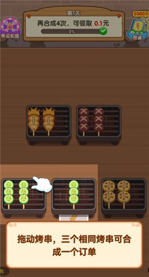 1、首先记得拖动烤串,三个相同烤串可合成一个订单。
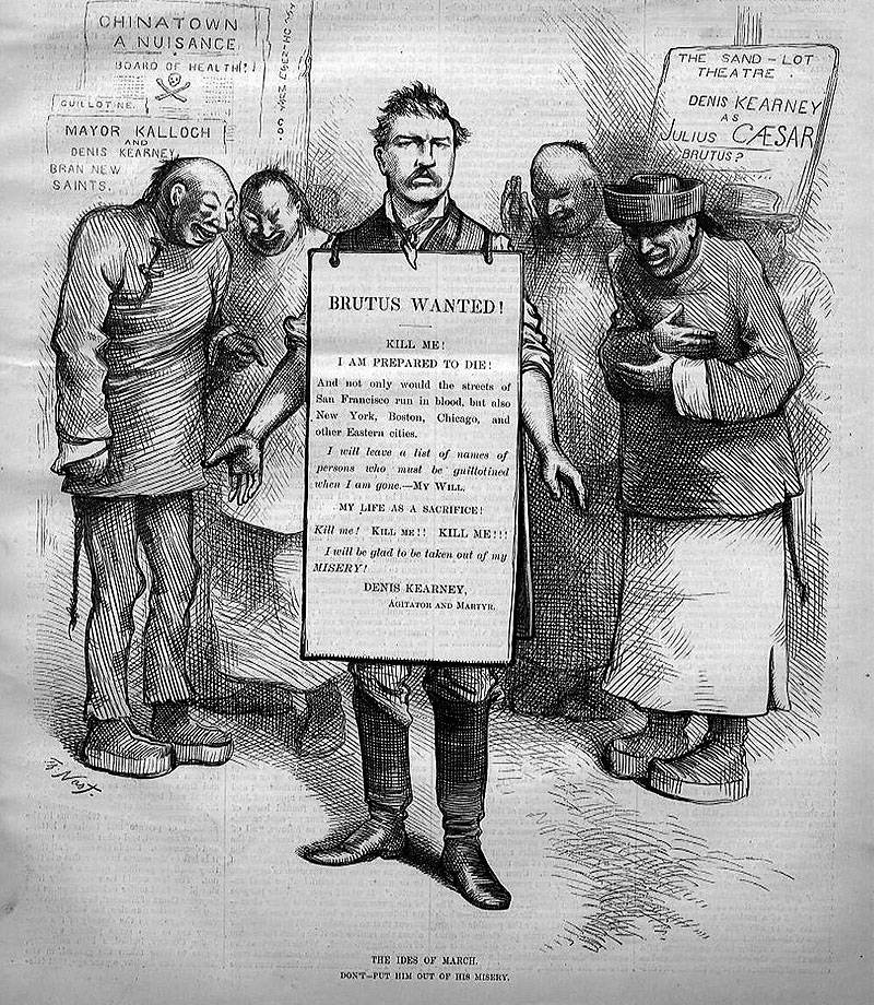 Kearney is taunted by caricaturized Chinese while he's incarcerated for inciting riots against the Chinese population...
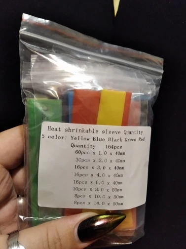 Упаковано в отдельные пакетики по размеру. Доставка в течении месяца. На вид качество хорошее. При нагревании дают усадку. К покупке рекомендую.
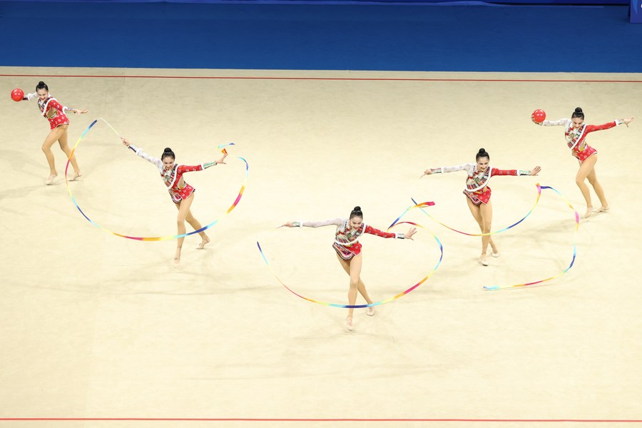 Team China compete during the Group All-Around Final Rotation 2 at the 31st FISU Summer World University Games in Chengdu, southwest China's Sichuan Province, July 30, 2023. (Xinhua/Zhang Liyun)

* WHAT IS NEEDED *
When an image appears in the data, skip it and output the rest exactly.

* RESPONSE TO THE EXERCISE *
 1、首先记得拖动烤串,三个相同烤串可合成一个订单。
 Kearney is taunted by caricaturized Chinese while he's incarcerated for inciting riots against the Chinese population...
 Упаковано в отдельные пакетики по размеру. Доставка в течении месяца. На вид качество хорошее. При нагревании дают усадку. К покупке рекомендую.
 Team China compete during the Group All-Around Final Rotation 2 at the 31st FISU Summer World University Games in Chengdu, southwest China's Sichuan Province, July 30, 2023. (Xinhua/Zhang Liyun)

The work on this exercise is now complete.